Se você tem inteligência, está pronto para enfrentar o desconhecido porque sabe que, mesmo que todo o mundo conhecido desapareça e você se veja em meio ao desconhecido, será capaz de colonizá-lo. Será capaz de fazer uma casa ali no desconhecido. Você confia na sua inteligência mantém-se aberta, pois ela sabe: "Aconteça o que acontecer, serei capaz de enfrentar o desafio, de responder adequadamente."  A mente medíocre não tem confiança nela mesma. O conhecimento é medíocre.

Não tente entender a vida. Viva-a! Não tente entender o amor. Entregue-se ao amor. Então você saberá - e esse saber virá da sua experiência. Esse saber nunca destruirá o mistério quanto mais você sabe, mais você sabe que ainda há muito para saber.

 

A vida não é um problema. Olhar para ela como se fosse um problema é dar um passo errado. Ela é um mistério para ser vivido, amado, conhecido por meio da experiência.

 

Quando o Novo Bater à sua Porta, Abra-a!

O novo não é algo familiar. Ele tanto pode ser amigo quanto inimigo, que vai saber? E não há como saber! O único jeito é deixar que ele entre; daí a apreensão, o medo.

O novo não provém de você; a origem dele está mais além, Ele não é parte de você, Todo seu passado está em perigo. O novo não é algo contínuo, regular; por isso, o medo.
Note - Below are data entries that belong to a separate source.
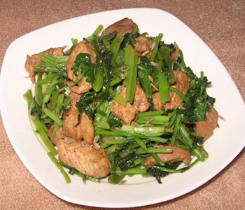 3、香菜根炒牛肉。香菜根洗凈,牛肉切絲,油熱后依次放入蒜末、蔥花、肉絲爆炒,而后放入香菜根,加入鹽、味精、香油、紅油,裝盤(pán)食用。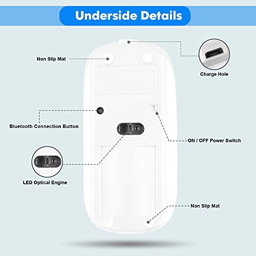 Szyee Mouse Bluetooth Mouse Senza Fili Mouse Mobile Mouse Ottico Mouse Carica Adatto per Computer Laptop Tablet Android Telefono Android Dispositivo Intelligente(Bianco)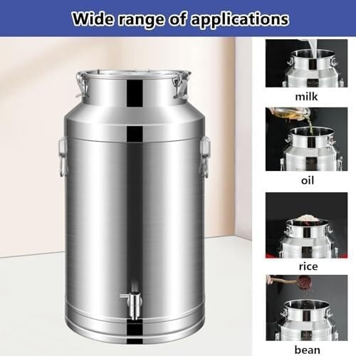 This 304 stainless steel milk jug is a robust, durable, and versatile storage solution designed to meet all your liquid and dry goods storage needs. Made from 304 stainless steel, it boasts superior rust and corrosion resistance, making it ideal for long-term use in homes, restaurants, farms, and other commercial settings. A silicone gasket and three stainless steel latches ensure a tight seal, so you don't have to worry about leaks even during bumpy road transport. A stainless steel faucet allows for easy and clean access to milk, wine, oil, or water, preventing waste. The smooth stainless steel surface and wide opening make cleaning quick and easy—simply rinse and dry. Whether you need to store milk, ghee, wine, oil, rice, flour, or dried chili peppers, this 35-liter milk jug's extra-large capacity will meet all your needs. It's also perfect for dairy farms, restaurants, and even home storage.
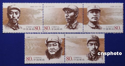 中國國家郵政局定于八月一日發行《人民軍隊早期將領》紀念郵票(一套五枚),特五枚郵票名稱分別為:楊靖宇(上排左一)、左權(上排左二)、彭雪楓(上排左三)、羅炳輝(下排左一)、關向應(下排左二),面值均為八十分。作者:鄒憲

Você tem vivido de uma certa forma, tem pensado de uma certa forma, tem vivido uma vida confortável de acordo com suas crenças. Então alguma coisa nova bate à sua porta. Agora o padrão de todo o seu passado vai ser perturbado. Se deixar o novo entrar, você nunca mais será o mesmo; o novo transformará você.

É arriscado. Com o novo, nunca se sabe onde você acabará. 

E você também não pode continuar rejeitando o novo, pois o velho já não lhe traz o que você procura, O velho promete, mas as promessas não trazem satisfação. O velho é conhecido, mas desagradável. Pode ser que o novo seja desconfortável, mas existe uma possibilidade - tampouco pode aceitá-lo; por isso você hesita, vacila, uma grande angústia cresce em seu ser. É natural, não há nada de errado nisso. É assim que sempre foi e que sempre será.

Tente entender a aparência do novo. Todo mundo quer ficar novo, porque ninguém está satisfeito com o velho. Ninguém nunca está satisfeito com o velho porque, seja ele o que for, você já o conhece. Uma vez conhecido, ele fica repetitivo, fica aborrecido, monótono. Você quer se livrar dele. Quer explorar, quer se aventurar. Você quer ficar novo e, mesmo assim, quando o novo bate à porta, você foge assustado, se encolhe e se esconde no velho. Esse é o dilema.

Como ficamos novos? - E todo mundo quer ficar novo. É preciso coragem, e não uma coragem comum; é preciso uma coragem extraordinária. O mundo está cheio de covardes, por isso as pessoas pararam de crescer. Como você pode crescer se é covarde? Diante de cada oportunidade, você foge assustado, fecha os olhos. Como pode crescer? Como pode ser? Você só finge ser.

 

 

Você não é uma ilha. Você pode ter esquecido o além, mas o além não esqueceu você. O filho pode ter esquecido a mãe, mas a mãe não esqueceu o filho. A parte pode ter começado a pensar, "Estou separado", mas o todo sabe que você não está separado.